Ich möchte gerne ein SSL-Zertifikat installieren. Bei einem vor kurzem installierten Test-Zertifikat habe ich den Hostnamen (srv01.domain.de) verwendet. Dadurch kam jedoch eine Warnung, dass das Zertifikat für eine andere Adresse erstellt wurde, wenn ich die Seite über http://www.domain.de geöffnet habe. Was soll ich also als Domain-Name angeben, damit diese Warnung nicht mehr erscheint (erfolge der Aufruf nun über https://domain.de, https://www.domain.de oder https://subdom.domain.de)?

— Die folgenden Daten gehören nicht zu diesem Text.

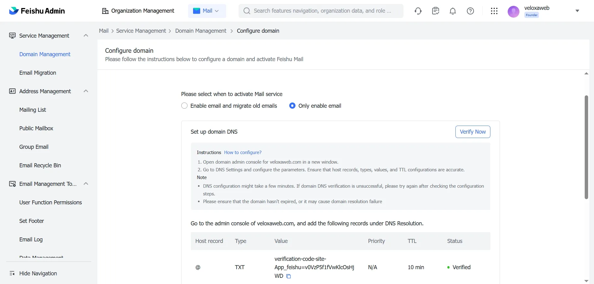 飞书搭建域名邮箱流程:

Besten Dank für Eure Hilfe im Voraus


----------



## Gunah (23. Juni 2008)

*.domain.de


----------



## xanthos (23. Juni 2008)

Gunah hat gesagt.:


> *.domain.de



Habe ich versucht, generiert jedoch eine Fehlermeldung (wegen dem *). Auf Verisign habe ich dazu folgendes gefunden:



> Common Name
> 
> Bei dem Common Name des Servers, für den das SSL-Zertifikat vorgesehen ist, muss es sich um den vollqualifizierten Domain-Namen handeln - Domain-Name und Host-Name (falls zutreffend). So lautet z. B. bei digitalid.verisign.de der Domain-Name verisign.de und der Host-Name digitalid. Bei http://www.verisign.de lautet der Domain-Name verisign.de und der Host-Name www.
> 
> ...



Wenn ich das Zertifikat auf http://www.domain.de ausstelle (wie beschrieben), wird beim Aufruf von subdom.domain.de eine Sicherheitswarnung angezeigt. Ich werde es nun eimal mit domain.de versuchen.


----------